One mechanism to facilitate researchers’ understanding of the importance of specifically referencing research entities is to provide training in information and data management as part of the curriculum for new scientists (e.g. undergraduate and graduate students). Similarly, if tools existed that were part of the normal scientific workflow that enabled semantic tagging of information, it would be much simpler to comply with data sharing standards. Commercial Laboratory Information Systems (LIMS) exist to aid laboratories with inventorying their resources, but are often very expensive or beyond the needs for most academic labs. Systems like BioData (www.biodata.com) or Quartzy (www.quartzy.com) are specifically designed for academic labs and integration of these systems into a scientists’ workflow could facilitate both the effort towards use of shared terminologies and data and resource sharing. Such systems could ideally feed resource repositories and auto-populate manuscripts and grant reports with little effort on part of the researchers. As more systems such as these and eagle-i are developed, it is hoped that researchers will see the utility and apply more rigorous data management and dissemination processes to their workflow.

Ontology-driven data collection and search tools

The eagle-i framework includes a Data Collection Tool and a Search application that are both ontology-driven, providing structured vocabulary and enabling logical connections between data items. Further description of this technology has been previously published (6,16). The data storage technology is a Resource Description Framework (RDF) triple-store, which allows ‘many-to-many’ relationships between resources and data (17). Other biomedical databases, such as UniProt (http://expasy3.isb-sib.ch/∼ejain/rdf/), also use RDF technologies. Tools using RDF can create subsumptive hierarchies of both the resource types and the properties that are used to relate one type to another (18). For example, a DNA sequencer is_a sequencer and a sequencer is_a instrument. Use of RDF can enable enhanced search capability for the end users. The use of an ontology for eagle-i facilitates query by inference and interoperability with other data and databases.

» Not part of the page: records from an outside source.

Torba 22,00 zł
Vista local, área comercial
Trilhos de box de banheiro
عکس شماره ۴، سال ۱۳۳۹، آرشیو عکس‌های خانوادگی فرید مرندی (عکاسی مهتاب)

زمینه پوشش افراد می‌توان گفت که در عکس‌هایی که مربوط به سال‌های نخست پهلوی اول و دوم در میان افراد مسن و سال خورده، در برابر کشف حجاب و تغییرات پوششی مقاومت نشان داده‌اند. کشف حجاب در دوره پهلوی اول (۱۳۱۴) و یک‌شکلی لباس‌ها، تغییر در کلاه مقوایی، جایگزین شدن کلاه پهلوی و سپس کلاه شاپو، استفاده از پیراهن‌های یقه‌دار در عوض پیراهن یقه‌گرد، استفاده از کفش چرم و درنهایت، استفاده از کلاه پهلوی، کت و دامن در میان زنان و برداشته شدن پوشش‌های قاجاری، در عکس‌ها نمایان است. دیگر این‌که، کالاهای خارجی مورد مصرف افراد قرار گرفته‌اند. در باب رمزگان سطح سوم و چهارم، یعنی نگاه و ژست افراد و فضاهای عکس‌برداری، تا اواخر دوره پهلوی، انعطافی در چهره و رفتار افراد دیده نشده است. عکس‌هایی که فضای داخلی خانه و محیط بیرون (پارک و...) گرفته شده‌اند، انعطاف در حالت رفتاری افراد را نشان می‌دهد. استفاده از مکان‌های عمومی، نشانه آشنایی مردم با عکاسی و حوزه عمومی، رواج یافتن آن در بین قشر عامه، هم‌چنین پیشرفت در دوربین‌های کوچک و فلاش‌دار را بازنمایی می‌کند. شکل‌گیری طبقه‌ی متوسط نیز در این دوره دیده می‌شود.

The earliest eagle-i data modeling was based on questions and search scenarios collected from domain experts. Requirements generated through these scenarios also drove initial data collection efforts; the structure and type of resource data gathered by Resource Navigators heavily influenced subsequent modeling. We then leveraged external ontologies and vocabularies in the building of the eagle-i ontology in OWL (Web Ontology Language) (6), including those of the OBO Foundry (http://www.obofoundry.org/), the Ontology for Biomedical Investigations (OBI) (http://obi-ontology.org/page/Main_Page), NIF (http://neurolex.org/wiki/Main_Page), Biomedical Resource Ontology (BRO) (http://bioportal.bioontology.org/ontologies/1104) and Medical Subject Headings (MeSH) (http://www.ncbi.nlm.nih.gov/mesh). However, many of the resource types being collected by eagle-i did not have representation in preexisting ontologies. As a result, we used the requirements from eagle-i to drive our ontology development and to provide feedback to existing ontologies. The resulting eagle-i resource ontology (ERO) is a combination of classes already existing in external biomedical ontologies and taxonomies, and classes we created in order to be able to represent the information about resources inventoried by eagle (6).

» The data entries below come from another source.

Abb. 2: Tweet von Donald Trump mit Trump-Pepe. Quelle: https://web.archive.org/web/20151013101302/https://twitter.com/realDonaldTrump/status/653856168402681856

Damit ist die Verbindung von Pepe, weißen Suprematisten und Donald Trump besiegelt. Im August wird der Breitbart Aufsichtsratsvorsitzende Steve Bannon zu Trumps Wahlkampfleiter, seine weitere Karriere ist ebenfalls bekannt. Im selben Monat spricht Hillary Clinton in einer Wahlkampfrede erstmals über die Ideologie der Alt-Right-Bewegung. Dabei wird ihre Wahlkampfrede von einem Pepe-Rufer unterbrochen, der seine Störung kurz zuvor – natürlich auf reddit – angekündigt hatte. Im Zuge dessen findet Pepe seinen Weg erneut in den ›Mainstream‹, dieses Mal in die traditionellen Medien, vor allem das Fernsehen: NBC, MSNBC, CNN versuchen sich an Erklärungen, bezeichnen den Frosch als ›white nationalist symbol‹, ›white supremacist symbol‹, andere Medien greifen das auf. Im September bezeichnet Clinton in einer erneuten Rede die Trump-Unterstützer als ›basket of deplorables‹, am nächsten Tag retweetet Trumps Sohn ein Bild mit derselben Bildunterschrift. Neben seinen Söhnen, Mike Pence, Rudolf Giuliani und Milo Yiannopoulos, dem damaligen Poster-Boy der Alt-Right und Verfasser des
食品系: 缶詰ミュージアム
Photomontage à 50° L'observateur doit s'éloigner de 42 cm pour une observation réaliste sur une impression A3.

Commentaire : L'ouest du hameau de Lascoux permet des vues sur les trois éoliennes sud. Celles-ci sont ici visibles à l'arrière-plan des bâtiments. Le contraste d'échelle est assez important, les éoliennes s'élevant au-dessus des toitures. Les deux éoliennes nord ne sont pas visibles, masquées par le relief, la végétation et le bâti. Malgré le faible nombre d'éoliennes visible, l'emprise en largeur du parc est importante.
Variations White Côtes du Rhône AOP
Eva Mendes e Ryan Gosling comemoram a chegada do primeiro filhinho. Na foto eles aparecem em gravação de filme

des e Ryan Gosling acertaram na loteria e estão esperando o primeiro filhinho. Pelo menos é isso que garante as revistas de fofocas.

The eagle-i ontology was used to generate and pre-populate fields in the Data Collection Tool in order to create consistent annotations about the resources (Figure 2). Ontology classes are linked to an external glossary, which displays the definitions of the terms to assist in proper usage. A free text ‘resource description’ field was available to annotate potentially valuable or unique features about the resource that were not captured in other fields. Combined free text and ontology-driven fields are common among other databases, notably the Saccharomyces cerevisiae and Mus musculus databases, Saccharomyces Genome Database (SGD) (http://www.yeastgenome.org/) and MGI (http://www.informatics.jax.org/) (19,20). Using a combination of controlled vocabularies and free text allowed extensive information to be captured for each resource and enhanced search by providing multiple axes of classification. The capture of free text descriptions also allowed for collection of new requirements for data representation.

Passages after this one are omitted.